» **TASK INSTRUCTIONS**:
Output, word for word, the line that contains "Baby Shower invitation" and all lines after it in the records below, omitting pictures.
[DATA FOR PROCESSING Boundary: Start]
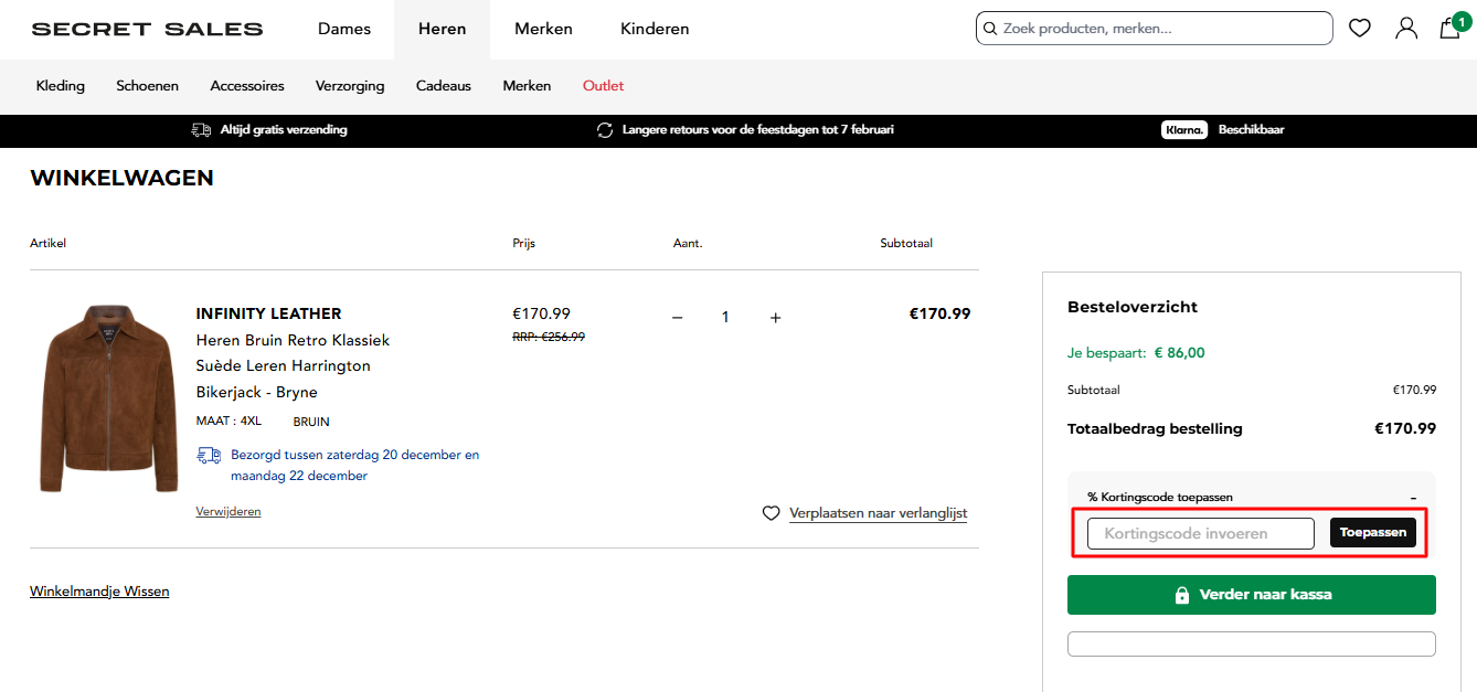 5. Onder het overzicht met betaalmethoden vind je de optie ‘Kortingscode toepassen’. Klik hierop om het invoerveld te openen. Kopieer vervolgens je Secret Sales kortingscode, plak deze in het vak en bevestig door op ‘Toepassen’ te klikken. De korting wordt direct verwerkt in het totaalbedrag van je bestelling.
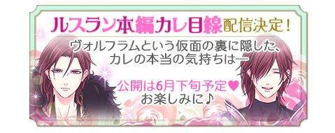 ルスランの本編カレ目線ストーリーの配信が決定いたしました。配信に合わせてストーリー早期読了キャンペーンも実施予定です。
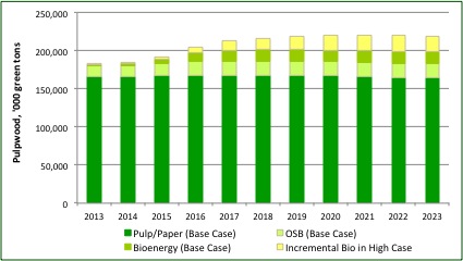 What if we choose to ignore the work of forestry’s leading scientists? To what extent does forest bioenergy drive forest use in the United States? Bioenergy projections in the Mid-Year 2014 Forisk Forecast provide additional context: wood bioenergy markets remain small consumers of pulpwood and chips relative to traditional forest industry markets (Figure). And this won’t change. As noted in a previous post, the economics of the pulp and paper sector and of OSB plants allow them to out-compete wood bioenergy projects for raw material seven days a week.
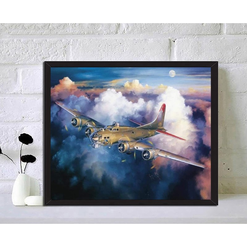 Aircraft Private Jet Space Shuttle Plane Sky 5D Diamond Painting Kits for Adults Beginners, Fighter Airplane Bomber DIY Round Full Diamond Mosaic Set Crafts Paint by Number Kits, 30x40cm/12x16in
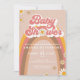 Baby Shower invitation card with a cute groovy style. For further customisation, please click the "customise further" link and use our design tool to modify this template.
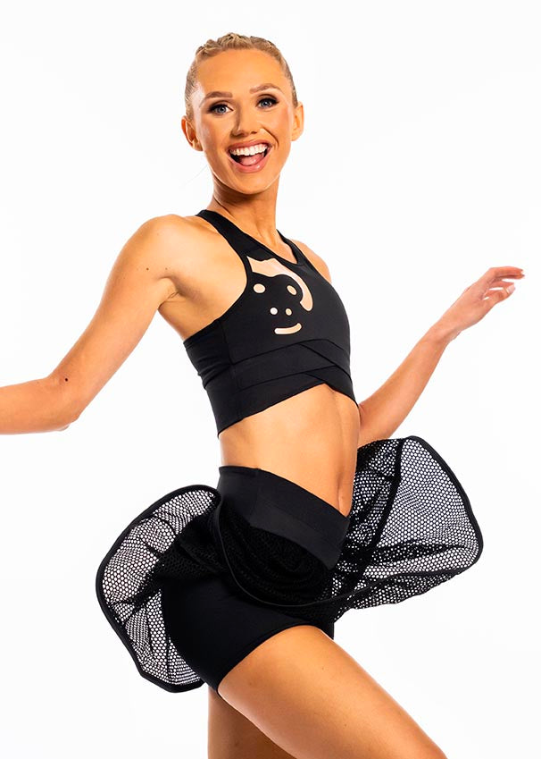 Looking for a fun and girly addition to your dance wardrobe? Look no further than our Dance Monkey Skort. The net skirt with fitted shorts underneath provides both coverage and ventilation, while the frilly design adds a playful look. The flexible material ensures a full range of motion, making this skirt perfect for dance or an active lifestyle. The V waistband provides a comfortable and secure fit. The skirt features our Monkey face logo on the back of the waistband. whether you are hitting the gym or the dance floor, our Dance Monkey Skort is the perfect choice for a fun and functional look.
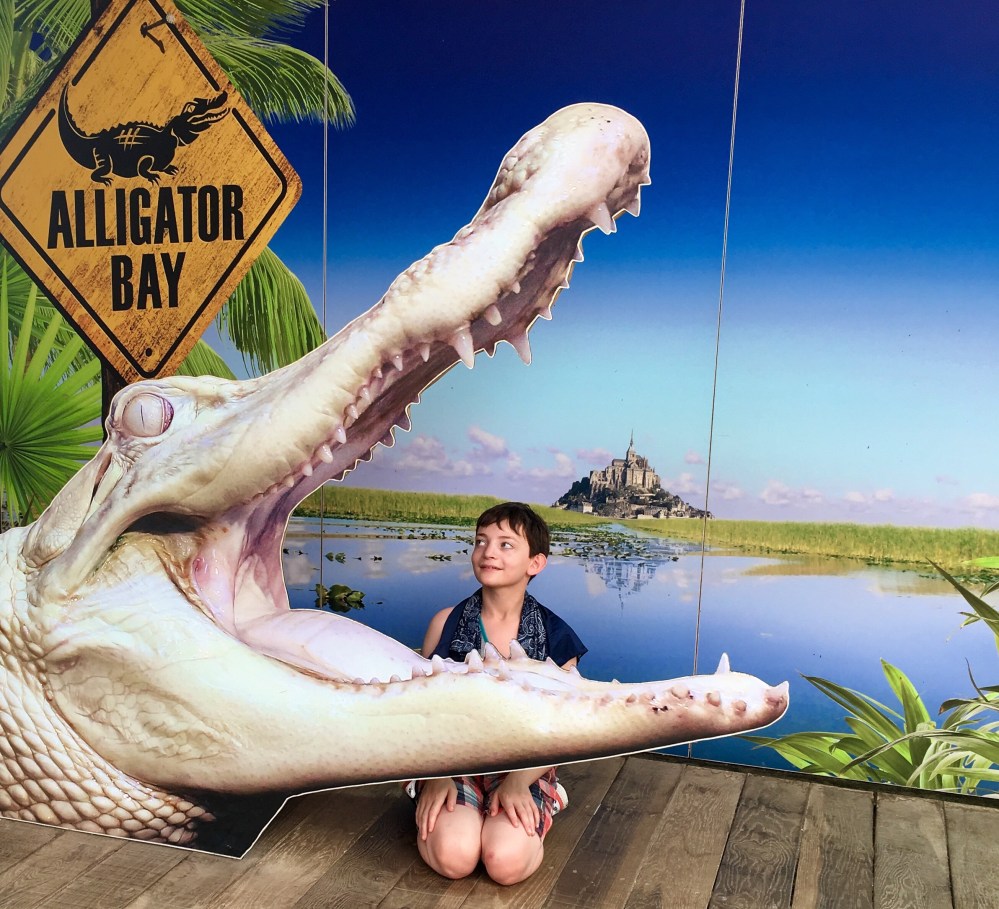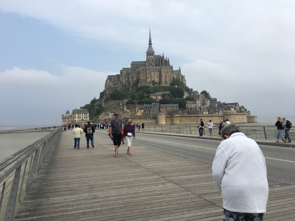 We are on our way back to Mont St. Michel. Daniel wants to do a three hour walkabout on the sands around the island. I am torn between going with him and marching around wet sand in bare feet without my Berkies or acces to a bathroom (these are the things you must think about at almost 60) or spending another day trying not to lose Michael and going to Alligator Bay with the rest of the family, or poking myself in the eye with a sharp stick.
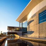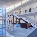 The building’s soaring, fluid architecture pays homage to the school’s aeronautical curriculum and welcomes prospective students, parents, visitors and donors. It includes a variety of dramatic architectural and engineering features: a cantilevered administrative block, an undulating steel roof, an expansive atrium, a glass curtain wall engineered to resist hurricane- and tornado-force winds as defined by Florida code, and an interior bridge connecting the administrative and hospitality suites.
[DATA FOR PROCESSING Boundary: End]
» **YOUR SOLUTION**:
 Baby Shower invitation card with a cute groovy style. For further customisation, please click the "customise further" link and use our design tool to modify this template.
 Looking for a fun and girly addition to your dance wardrobe? Look no further than our Dance Monkey Skort. The net skirt with fitted shorts underneath provides both coverage and ventilation, while the frilly design adds a playful look. The flexible material ensures a full range of motion, making this skirt perfect for dance or an active lifestyle. The V waistband provides a comfortable and secure fit. The skirt features our Monkey face logo on the back of the waistband. whether you are hitting the gym or the dance floor, our Dance Monkey Skort is the perfect choice for a fun and functional look.
 We are on our way back to Mont St. Michel. Daniel wants to do a three hour walkabout on the sands around the island. I am torn between going with him and marching around wet sand in bare feet without my Berkies or acces to a bathroom (these are the things you must think about at almost 60) or spending another day trying not to lose Michael and going to Alligator Bay with the rest of the family, or poking myself in the eye with a sharp stick.
 The building’s soaring, fluid architecture pays homage to the school’s aeronautical curriculum and welcomes prospective students, parents, visitors and donors. It includes a variety of dramatic architectural and engineering features: a cantilevered administrative block, an undulating steel roof, an expansive atrium, a glass curtain wall engineered to resist hurricane- and tornado-force winds as defined by Florida code, and an interior bridge connecting the administrative and hospitality suites.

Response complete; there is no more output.